_TASK_:
What is needed is an exact copy of the listing, with no pictures in it.

_DATA TO EXAMINE_:
┌──

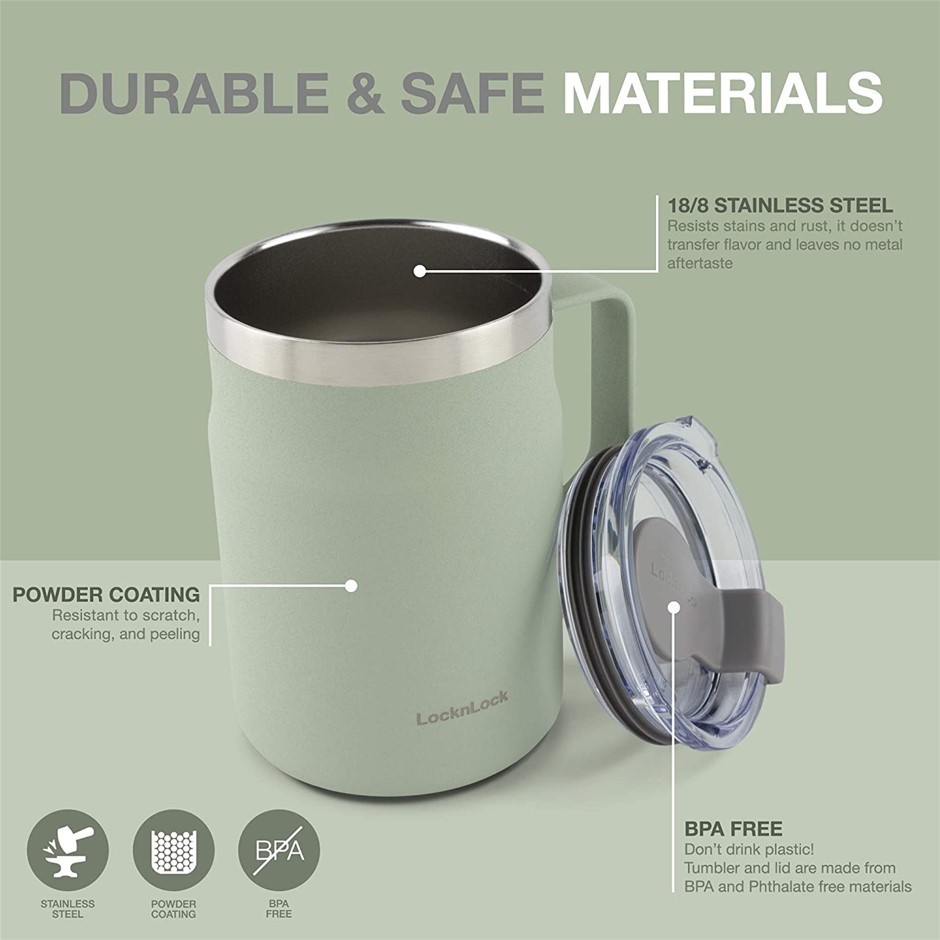 LOCK & LOCK Metro Mug with Handle & Lid Double Walled Stainless Steel Thermal Insulated, Mint, 475 mL. (Code: B08MVM2ZFJ) (332115-18)
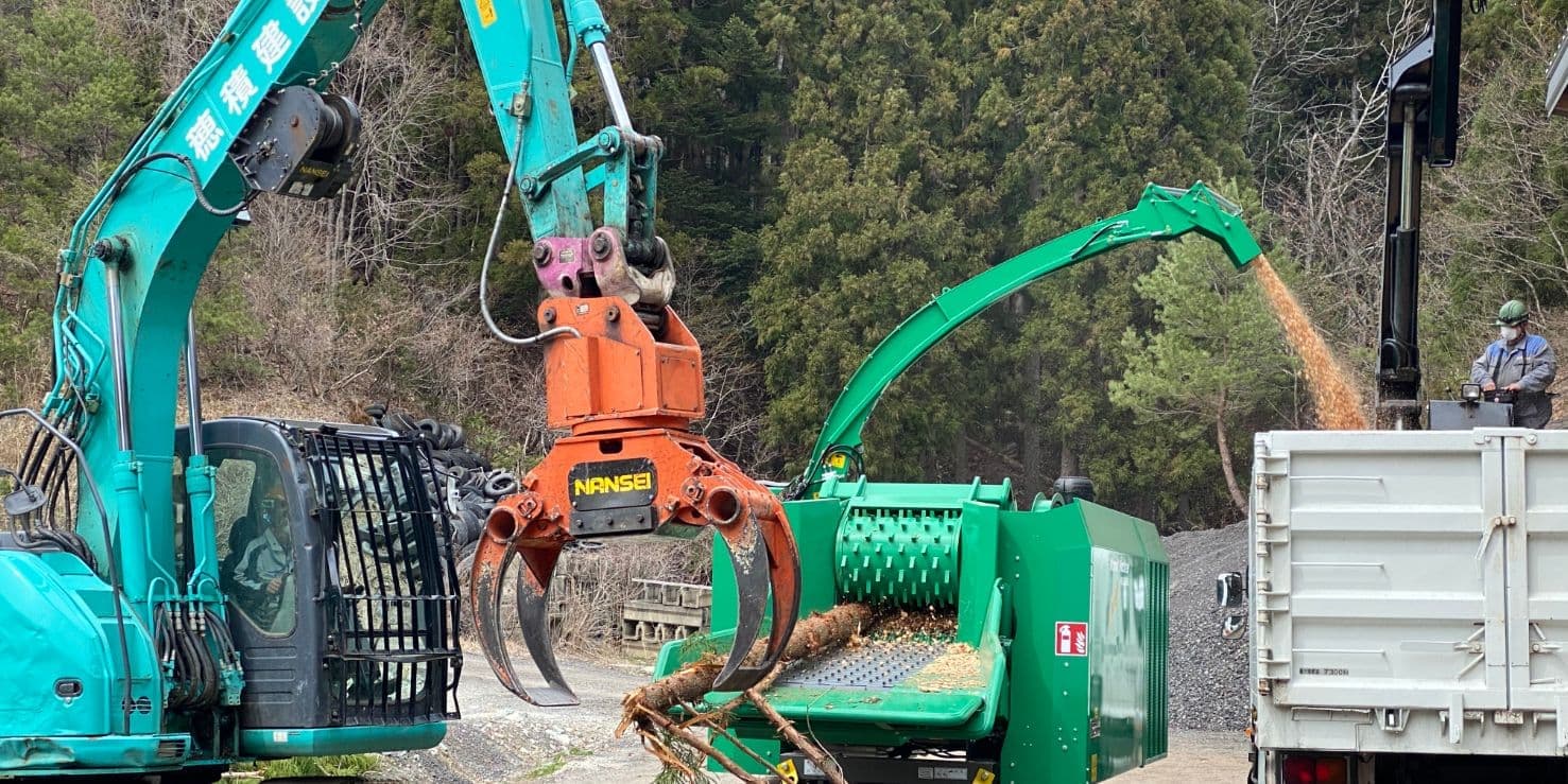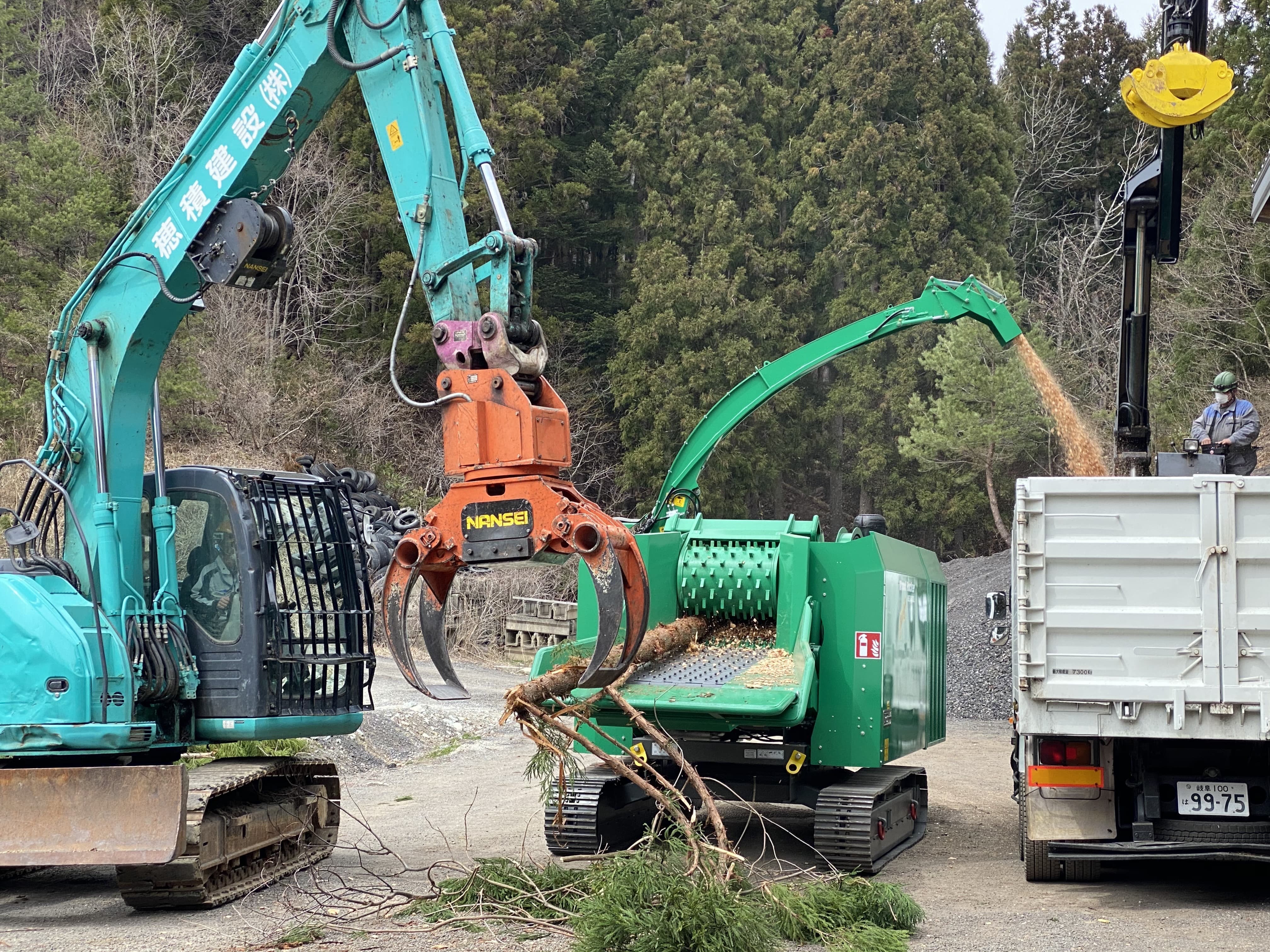 従来は山林に放置されていた間伐材や林地残材など買取り、木質バイオマス発電用の燃料(木質チップ)に加工・販売しております。
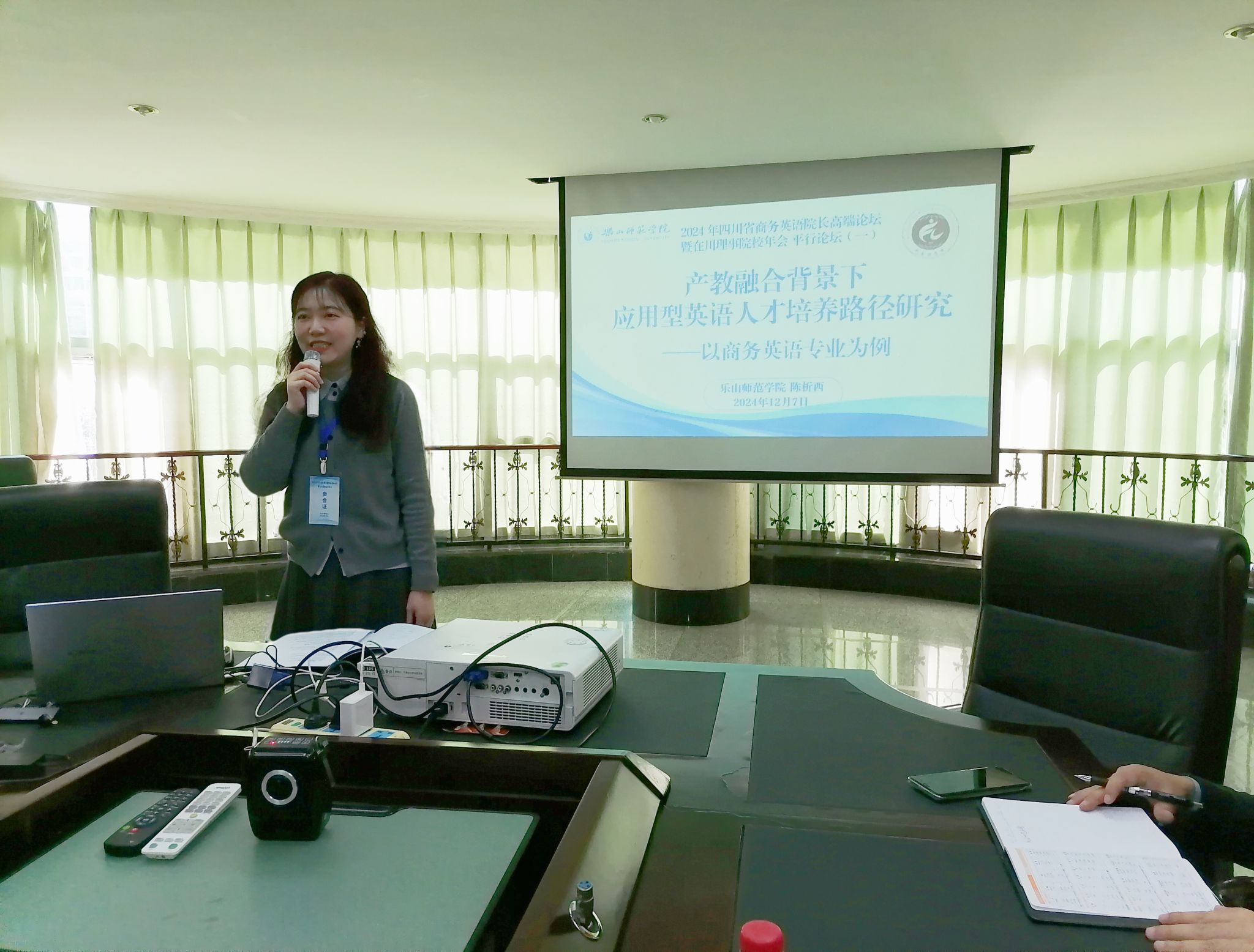 平行论坛中,陈析西以“产教融合背景下应用型英语人才培养路径研究——以乐山师范学院商务英语专业为例”为题发言,介绍了我校商务英语专业近年来融合发展的思路和办学实践。会议期间,外国语学院一行还与省内外兄弟院校就外语类专业人才培养与学科建设进行了交流。
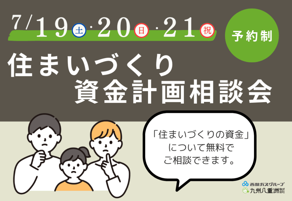 7月19日(土)・20日(日)・21日(月/祝)に 住まいづくりの資金計画相談会を開催いたします。
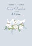 Lieve kaart met aanpasbare naam en de tekst: Gefeliciteerd [naam] met jullie adoptie.
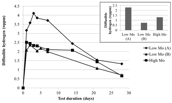 Figure 8. Amount of diffusible hydrogen, determined using a hot extraction technique, present in the low Mo (A), the low Mo (B), and the high Mo material as a function of the test duration and after electrochemical charging (inset).
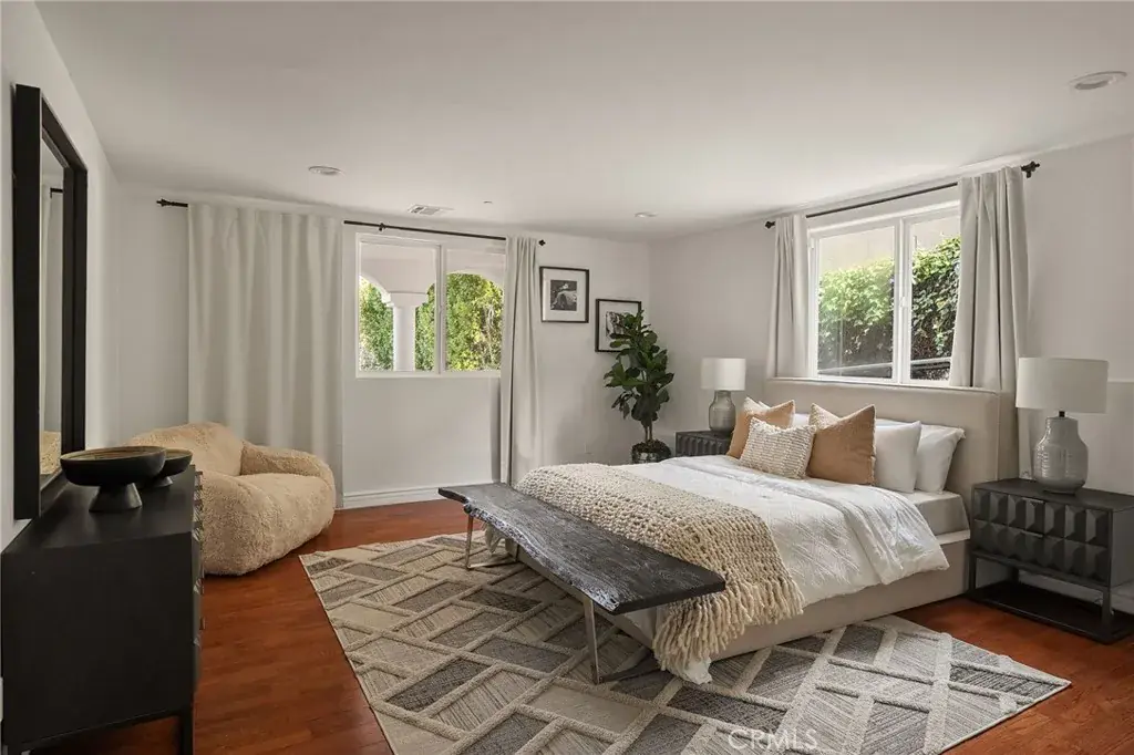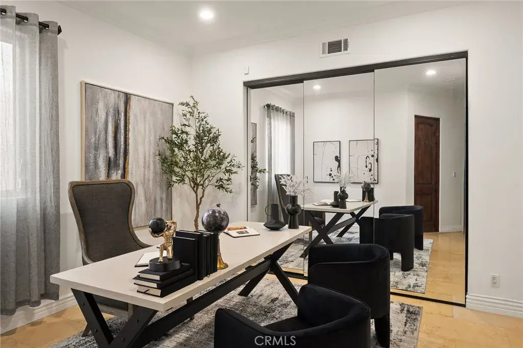 This contemporary Tuscan villa blends timeless elegance with custom craftsmanship, set south of the Boulevard in the heart of Studio City. A grand entry opens to a dramatic living room with soaring 30-foot ceilings, setting the tone for a home designed for both everyday comfort and upscale entertaining. The open layout flows seamlessly into a chef’s kitchen with Viking appliances and a generous center island, connecting effortlessly to the formal dining room. The expansive family room opens to a large balcony with serene mountain views overlooking the resort-style pool and spa, ideal for indoor-outdoor living. A sweeping staircase leads to the luxurious primary suite, featuring a spa-inspired bath with steam shower and soaking tub, along with an impressive walk-in closet. Two additional upstairs bedroom suites each offer their own private bath, providing comfort and privacy. The property also includes separate guest quarters or a private office with its own entrance, complete with a living room, full kitchen, bedroom, bath, laundry room, and patio overlooking the pool. All just moments from the shops and dining along Ventura Boulevard, including Sportsmen’s Lodge, this exceptional home delivers luxury, versatility, and a prime Studio City location.

└──

_EXERCISE RESULT_:
 LOCK & LOCK Metro Mug with Handle & Lid Double Walled Stainless Steel Thermal Insulated, Mint, 475 mL. (Code: B08MVM2ZFJ) (332115-18)
 従来は山林に放置されていた間伐材や林地残材など買取り、木質バイオマス発電用の燃料(木質チップ)に加工・販売しております。
 平行论坛中,陈析西以“产教融合背景下应用型英语人才培养路径研究——以乐山师范学院商务英语专业为例”为题发言,介绍了我校商务英语专业近年来融合发展的思路和办学实践。会议期间,外国语学院一行还与省内外兄弟院校就外语类专业人才培养与学科建设进行了交流。
 7月19日(土)・20日(日)・21日(月/祝)に 住まいづくりの資金計画相談会を開催いたします。
 Lieve kaart met aanpasbare naam en de tekst: Gefeliciteerd [naam] met jullie adoptie.
 Figure 8. Amount of diffusible hydrogen, determined using a hot extraction technique, present in the low Mo (A), the low Mo (B), and the high Mo material as a function of the test duration and after electrochemical charging (inset).
 This contemporary Tuscan villa blends timeless elegance with custom craftsmanship, set south of the Boulevard in the heart of Studio City. A grand entry opens to a dramatic living room with soaring 30-foot ceilings, setting the tone for a home designed for both everyday comfort and upscale entertaining. The open layout flows seamlessly into a chef’s kitchen with Viking appliances and a generous center island, connecting effortlessly to the formal dining room. The expansive family room opens to a large balcony with serene mountain views overlooking the resort-style pool and spa, ideal for indoor-outdoor living. A sweeping staircase leads to the luxurious primary suite, featuring a spa-inspired bath with steam shower and soaking tub, along with an impressive walk-in closet. Two additional upstairs bedroom suites each offer their own private bath, providing comfort and privacy. The property also includes separate guest quarters or a private office with its own entrance, complete with a living room, full kitchen, bedroom, bath, laundry room, and patio overlooking the pool. All just moments from the shops and dining along Ventura Boulevard, including Sportsmen’s Lodge, this exceptional home delivers luxury, versatility, and a prime Studio City location.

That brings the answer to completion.